Ramage JK, Ahmed A, Ardill J, et al. Richtlijnen voor de behandeling van gastro-enteropancreatische neuro-endocriene (met inbegrip van carcinoïde) tumoren (Netten). Gut 2012; 61: 6-32.
Grossman EJ, Millis JM. Levertransplantatie voor niet-hepatocellulair carcinoom maligniteit: Indicaties, beperkingen en analyse van de huidige literatuur. Lever Transpl 2010; 16: 930-42.

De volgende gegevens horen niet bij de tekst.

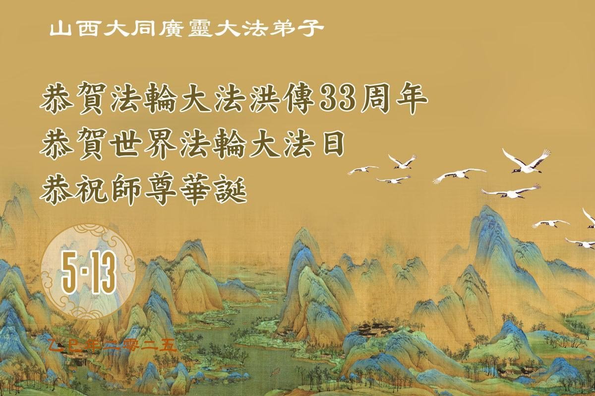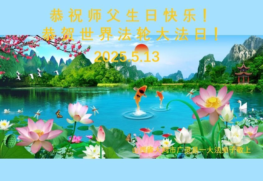 山西大同广灵县大法弟子敬上 二零二五年五月十日 山西省朔州市大法弟子恭贺世界法轮大法日暨师尊华诞!

Le Treut YP, Grégoire E, Belghiti J, et al. Predictors of long-term survival after liver transplantation for metastatic endocriene tumors: an 85-case French multicentric report. Am J Transplantatie 2008; 8: 1205-13.Pavel M, Baudin E, Couvelard A, et al. Enets Consensus Guidelines for the management of patients with lever and other distant metastases from neuroendocriene neoplasmata of foregut, midgut, hindgut, and unknown primary. Neuroendocrinology 2012; 95: 157-76.

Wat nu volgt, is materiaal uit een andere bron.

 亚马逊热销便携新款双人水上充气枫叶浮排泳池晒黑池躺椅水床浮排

Máthé Z, Tagkalos E, Paul A, et al. Levertransplantatie voor levermetastasen van neuro-endocriene pancreatumoren: een op overleving gebaseerde analyse. Transplantatie 2011; 91: 575-82.
Klimstra DS, Modlin IR, Coppola D, et al. De pathologische classificatie van neuroendocriene tumors: een overzicht van nomenclatuur, rangschikking, en het opvoeren systemen. Pancreas 2010; 39: 707-12.
Lang h, Oldhafer KJ, Weimann A, et al. Levertransplantatie voor gemetastaseerde neuro-endocriene tumoren. Ann Surg 1997; 225: 347-54.
Frilling A, Malago M, Weber F, et al. Levertransplantatie voor patiënten met gemetastaseerde endocriene tumoren: single-center ervaring met 15 patiënten. Lever Transpl 2006; 12: 1089-96.
Gregoire E, Le Treut YP. Levertransplantatie voor primaire of secundaire endocriene tumoren. Transpl Int 2010; 23: 704-11.